Data excerpts:
· · · · ·

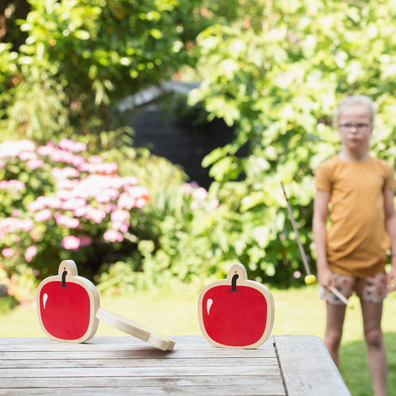 Ξύλινο παιχνίδι από την εταιρία Bs Toys. Κατασκευασμένο από ξύλο κόντρα πλακέ, είναι κατάλληλο για ηλικίες 6+ ετών. Τοποθετήστε τα μήλα σε μία επιφάνεια, περάστε το βέλος στο τόξο και στοχεύστε τα μήλα για να τα ρίξετε. Θα γίνει το αγαπημένο παιχνίδι του μικρού σας!
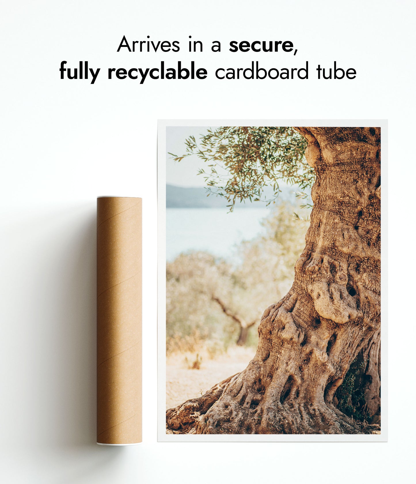 All orders are securely packed in recyclable, eco-friendly solutions. Frames are protected with sustainable bubble wrap alternatives inside thick boxes. Print only orders are shipped in heavy-duty cardboard tubes or protective hard-backed envelopes.
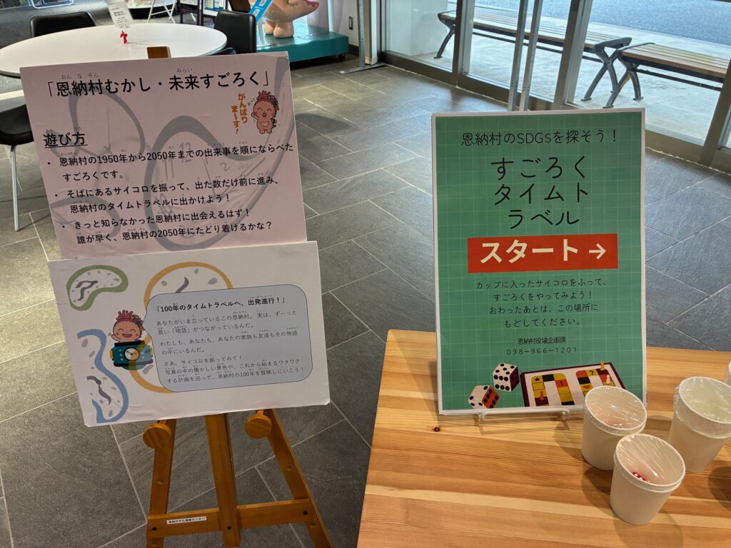 恩納村文化情報センター(恩納村図書館)では、地域の歴史と未来を楽しく学べる参加型展示 「恩納村むかし・未来すごろく」 を開催しています。
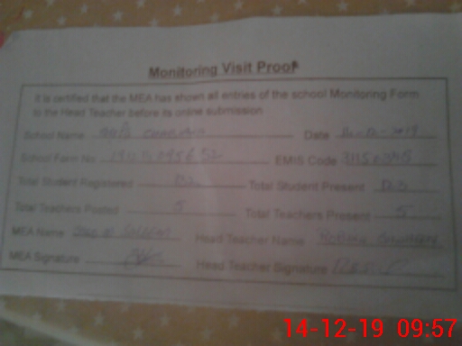 | Attendance Register | Head Teacher | MEA with School | Visit Proof |
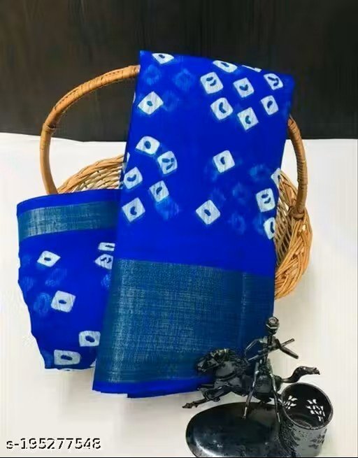 Name : Elegant Blue Bandhani Cotton Linen Saree with Zari Border & Blouse | Lightweight Daily Wear Saree for Women
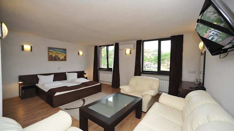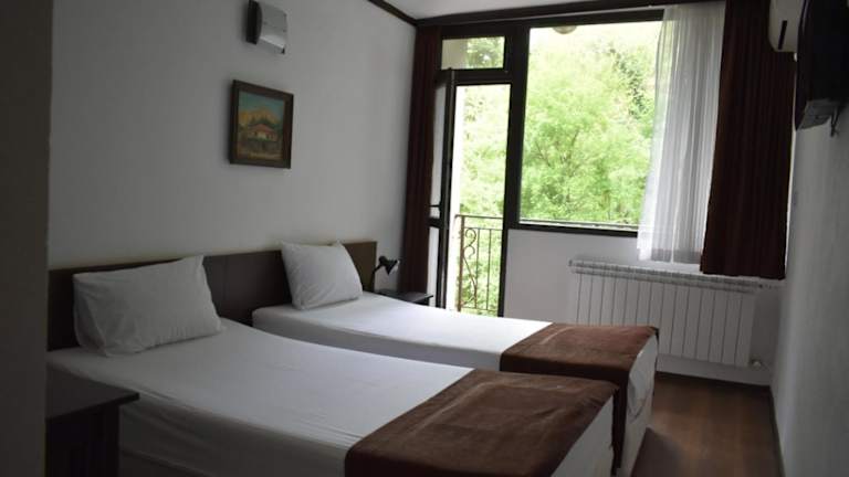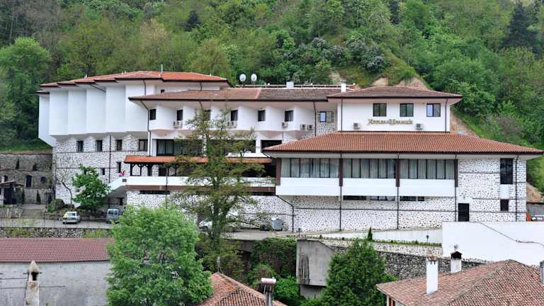 Das Hotel Melnik liegt an einem Berghang, nur 300 m vom Zentrum von Melnik entfernt. In der Nähe befinden sich beliebte Attraktionen wie die Festung von Despot Slav (ca. 1 km) und das Rhozen-Kloster (7 km entfernt). Der Busbahnhof von Melnik sowie verschiedene historische Gebäude und Museen sind in 5 Gehminuten erreichbar.
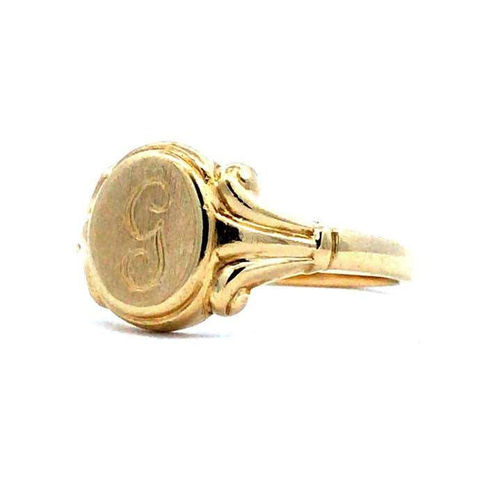 Estate Script “G” Round Signet Ring in 14K Yellow Gold
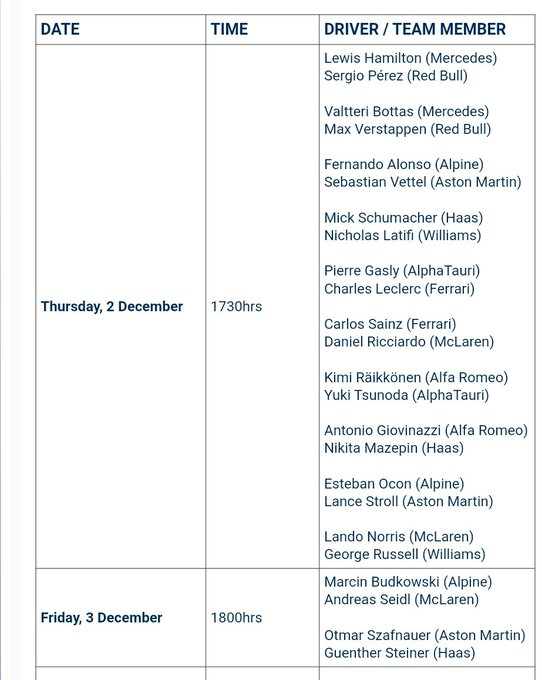 Voor het aankomende raceweekend in Saoedi-Arabië is het schema voor de persconferentie bekendgemaakt. De donderdag staat in het teken van pers- en mediaverplichtingen. Deze keer mogen de topteams, Mercedes en Red Bull, paarsgewijs opdraven voor de persconferentie. Max Verstappen zal met Valtteri Bottas aanschuiven, terwijl Sergio Perez samen met Lewis Hamilton aanschuift. De titelkandidaten zullen elkaar op de baan pas tegenkomen, maar er zullen ongetwijfeld vragen worden gesteld over het constructeurskampioenschap, gezien de indeling.

· · · · ·

**Assignment**
The first line of the entries, the line containing "14K Yellow Gold", and every line between them are to be output exactly; pictures are not.

**Exercise result**
 Ξύλινο παιχνίδι από την εταιρία Bs Toys. Κατασκευασμένο από ξύλο κόντρα πλακέ, είναι κατάλληλο για ηλικίες 6+ ετών. Τοποθετήστε τα μήλα σε μία επιφάνεια, περάστε το βέλος στο τόξο και στοχεύστε τα μήλα για να τα ρίξετε. Θα γίνει το αγαπημένο παιχνίδι του μικρού σας!
 All orders are securely packed in recyclable, eco-friendly solutions. Frames are protected with sustainable bubble wrap alternatives inside thick boxes. Print only orders are shipped in heavy-duty cardboard tubes or protective hard-backed envelopes.
 恩納村文化情報センター(恩納村図書館)では、地域の歴史と未来を楽しく学べる参加型展示 「恩納村むかし・未来すごろく」 を開催しています。
 | Attendance Register | Head Teacher | MEA with School | Visit Proof |
 Name : Elegant Blue Bandhani Cotton Linen Saree with Zari Border & Blouse | Lightweight Daily Wear Saree for Women
 Das Hotel Melnik liegt an einem Berghang, nur 300 m vom Zentrum von Melnik entfernt. In der Nähe befinden sich beliebte Attraktionen wie die Festung von Despot Slav (ca. 1 km) und das Rhozen-Kloster (7 km entfernt). Der Busbahnhof von Melnik sowie verschiedene historische Gebäude und Museen sind in 5 Gehminuten erreichbar.
 Estate Script “G” Round Signet Ring in 14K Yellow Gold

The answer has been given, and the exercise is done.